Stacked PR. Builds on #68936 (TriggerDagRunOperator durable) and #68952 (extract
resume_or_submit). The incremental change here is the last commit — the runner refactor;
the earlier commits are the two parent PRs and will drop out of the diff once they merge.

Why

#68936 added a crash-safe durable wait to TriggerDagRunOperator, but it hand-rolled the
persist-and-reconnect logic in the task runner — a duplicate of what ResumableJobMixin already
implements. #68952 lifted that logic into a reusable resume_or_submit core. This PR makes the
runner consume that core, so the durability primitive has one implementation instead of two.

What

_handle_trigger_dag_run's durable path now drives resume_or_submit through runner callbacks —
submit (send TriggerDagRun, raising on DagRunAlreadyExists), get_status (GetDagRunState),
poll (the wait loop, raising on a failed state so the retry policy still fires), get_result
(the run-id XCom). The hand-rolled _evaluate_prior_triggered_run and the inline persist/decision
are deleted. No behaviour change.

This is the proof that the #68952 extraction generalises: one operator that fits ResumableJobMixin
directly (Spark, Livy) and one whose wait lives in the runner (TriggerDagRun) now share the same
durability core.

Tests

The full TriggerDagRunOperator runner suite passes unchanged — the durable reconnect tests now
exercise the resume_or_submit path, and the non-durable / deferrable / conflict tests are
untouched. That unchanged suite is the behaviour-preservation proof.
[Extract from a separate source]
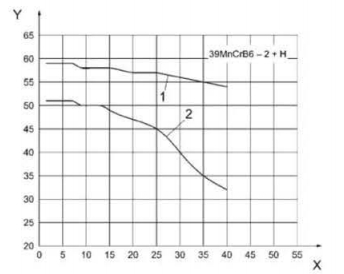 圖中:X-離開淬火端距離/mm;Y-硬度HRC;1-硬度上限;2-硬度下限
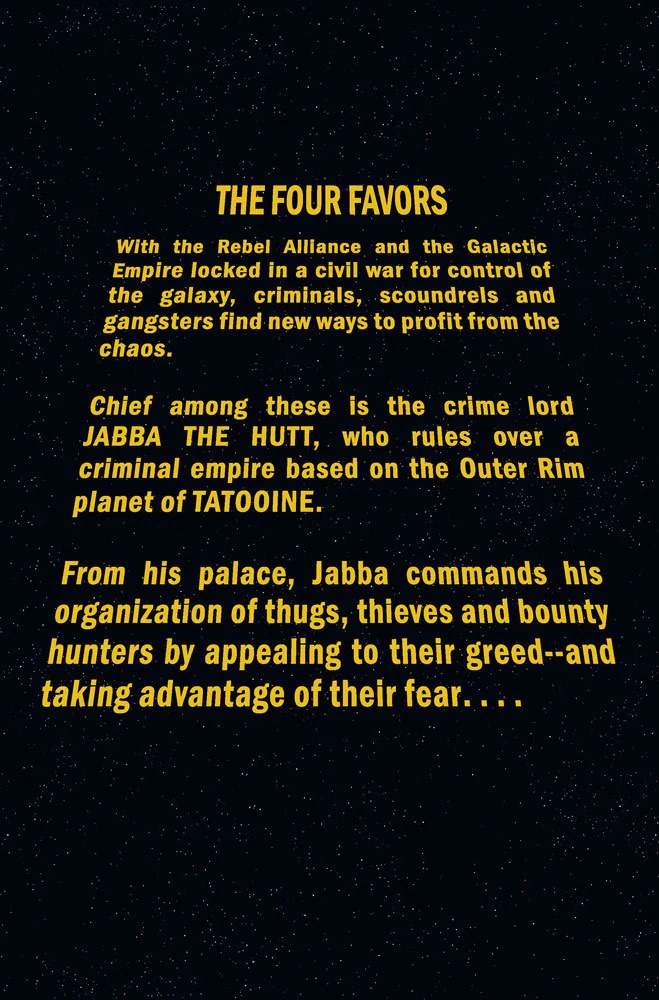 WHO IS PLOTTING TO OVERTHROW JABBA THE HUTT? Jabba’s palace is one of many places to find the vilest of scum and villainy relaxing, wet their whistles and indulge their vices…who would ever want that to end? Well, SOMEONE has Jabba in their sights! Beginning a series of One-Shots spotlighting the RETURN OF THE JEDI era, Marc Guggenheim (HAN SOLO & CHEWBACCA) and Alessandro Miracolo (OBI-WAN) bring you a tale of Jabba’s Palace you won’t soon forget!

End-to-end (live, Breeze, on this PR's code)

Same crash scenario as #68936, re-run on the refactored code: a parent
TriggerDagRunOperator(durable=True, wait_for_completion=True) triggers a child Dag; the parent's
worker is SIGKILLed mid-wait; the scheduler retries. Attempt 2 reconnects through the shared
core — the log line is resume_or_submit's own "Reconnecting to existing job", which proves the
durable path now runs the framework primitive rather than the deleted hand-rolled logic.

Raw

attempt=2.log:
  "Reconnecting to existing job"  external_id_key=triggered_dag_run_id
     external_id=manual__2026-...T20:18:21Z  status=running

parent run: success   (trigger_child succeeded on try_number=2)
child dag runs since the trigger:
  manual__2026-...T20:18:21Z  success   <- single run, reconnected
  => 1 run from one parent task, no duplicate

Risk

Behaviour-preserving refactor. The durable path's persist + three-state reconnect is now the shared
core (covered by #68952's tests); the runner only supplies the bindings.

Was generative AI tooling used to co-author this PR?

Yes (please specify the tool below)

Read the Pull Request Guidelines for more information. Note: commit author/co-author name and email in commits become permanently public when merged.
For fundamental code changes, an Airflow Improvement Proposal (AIP) is needed.
When adding dependency, check compliance with the ASF 3rd Party License Policy.

Related, from the dev-list thread "Let TriggerDagRunOperator own its execution logic" — three ways to make the synchronous wait crash-safe:

Add durable option to TriggerDagRunOperator to reconnect on retry #68936: durability hand-rolled in the task runner (the original).
Make ResumableJobMixin's reconnect core reusable outside execute() #68952 / Reuse the resumable core for TriggerDagRunOperator's durable wait #68955: pull ResumableJobMixin's core out so the runner drives the wait through one shared contract — works on 2.11 and 3.0-3.3.
[POC] Let TriggerDagRunOperator own its execution via a new accessor #69135: a ti.trigger_dag_run() accessor so the operator owns its execution and uses the mixin directly — 3.3+, falls back below.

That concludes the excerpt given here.